[Collected data entries]
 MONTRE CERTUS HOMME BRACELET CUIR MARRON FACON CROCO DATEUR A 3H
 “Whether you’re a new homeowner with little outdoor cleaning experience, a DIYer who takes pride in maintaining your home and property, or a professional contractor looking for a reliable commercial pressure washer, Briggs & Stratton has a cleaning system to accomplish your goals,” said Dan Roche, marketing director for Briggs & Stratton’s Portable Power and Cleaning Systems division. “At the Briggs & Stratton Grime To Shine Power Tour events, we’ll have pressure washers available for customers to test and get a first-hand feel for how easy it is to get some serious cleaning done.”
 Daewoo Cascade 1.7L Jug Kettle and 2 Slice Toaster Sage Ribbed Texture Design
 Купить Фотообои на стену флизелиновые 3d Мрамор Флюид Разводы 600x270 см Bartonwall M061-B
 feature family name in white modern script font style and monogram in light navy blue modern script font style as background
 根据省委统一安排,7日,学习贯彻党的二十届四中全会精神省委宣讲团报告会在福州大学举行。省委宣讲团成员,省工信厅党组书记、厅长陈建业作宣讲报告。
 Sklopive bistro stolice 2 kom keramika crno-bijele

--

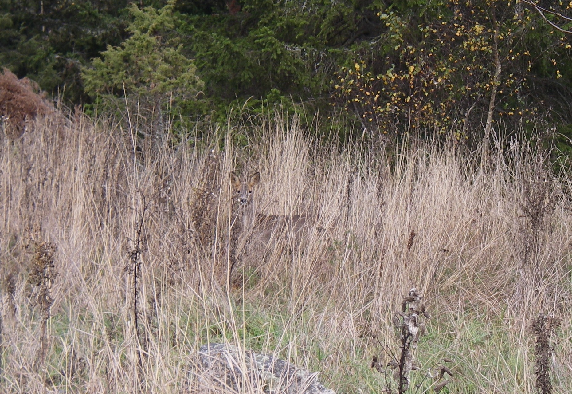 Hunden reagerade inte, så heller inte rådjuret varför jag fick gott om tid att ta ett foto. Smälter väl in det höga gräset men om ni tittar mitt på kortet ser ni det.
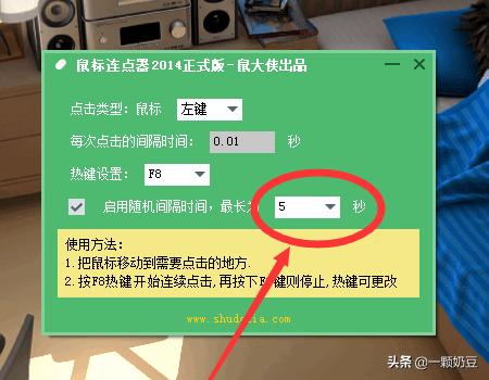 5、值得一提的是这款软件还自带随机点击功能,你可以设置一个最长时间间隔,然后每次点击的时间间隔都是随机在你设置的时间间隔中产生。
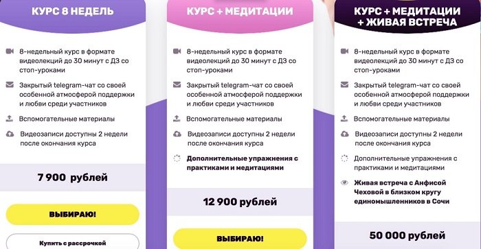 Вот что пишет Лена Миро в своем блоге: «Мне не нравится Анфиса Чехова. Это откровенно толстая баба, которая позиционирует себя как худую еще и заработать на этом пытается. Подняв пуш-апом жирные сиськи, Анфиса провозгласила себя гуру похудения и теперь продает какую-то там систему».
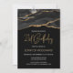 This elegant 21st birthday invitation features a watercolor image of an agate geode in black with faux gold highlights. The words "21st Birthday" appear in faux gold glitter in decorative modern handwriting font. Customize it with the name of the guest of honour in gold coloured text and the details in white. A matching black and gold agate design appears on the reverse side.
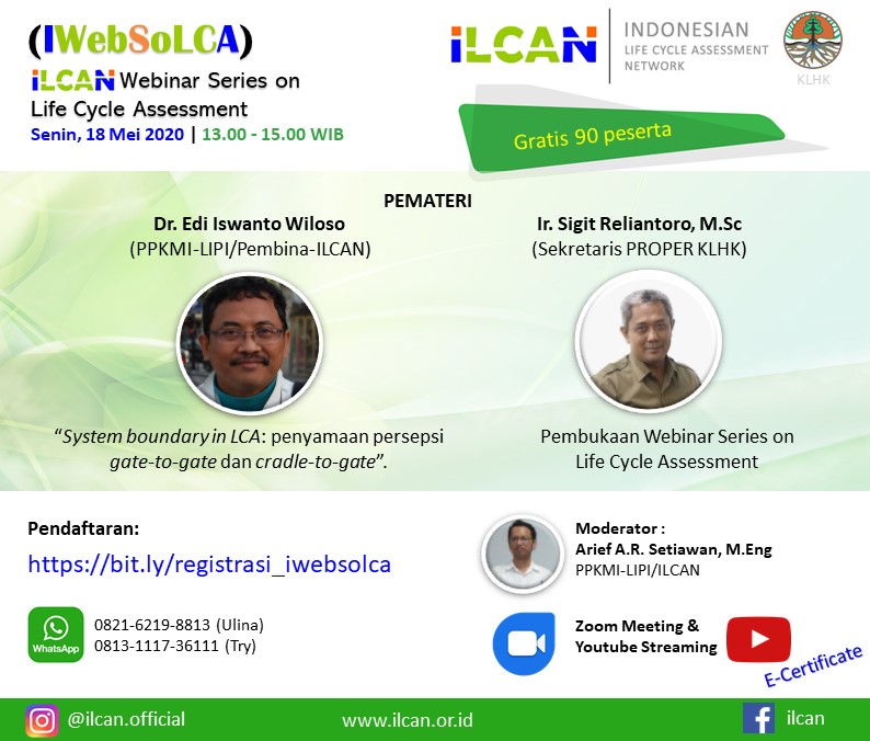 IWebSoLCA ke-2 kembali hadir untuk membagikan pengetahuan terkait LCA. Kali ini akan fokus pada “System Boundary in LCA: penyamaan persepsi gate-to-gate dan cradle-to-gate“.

- Your objective
Please give back, exactly as it stands above, the stretch from the line with "MONTRE CERTUS HOMME" through the line with "Sklopive bistro stolice", and no line outside it.

- Answer to this exercise
 MONTRE CERTUS HOMME BRACELET CUIR MARRON FACON CROCO DATEUR A 3H
 “Whether you’re a new homeowner with little outdoor cleaning experience, a DIYer who takes pride in maintaining your home and property, or a professional contractor looking for a reliable commercial pressure washer, Briggs & Stratton has a cleaning system to accomplish your goals,” said Dan Roche, marketing director for Briggs & Stratton’s Portable Power and Cleaning Systems division. “At the Briggs & Stratton Grime To Shine Power Tour events, we’ll have pressure washers available for customers to test and get a first-hand feel for how easy it is to get some serious cleaning done.”
 Daewoo Cascade 1.7L Jug Kettle and 2 Slice Toaster Sage Ribbed Texture Design
 Купить Фотообои на стену флизелиновые 3d Мрамор Флюид Разводы 600x270 см Bartonwall M061-B
 feature family name in white modern script font style and monogram in light navy blue modern script font style as background
 根据省委统一安排,7日,学习贯彻党的二十届四中全会精神省委宣讲团报告会在福州大学举行。省委宣讲团成员,省工信厅党组书记、厅长陈建业作宣讲报告。
 Sklopive bistro stolice 2 kom keramika crno-bijele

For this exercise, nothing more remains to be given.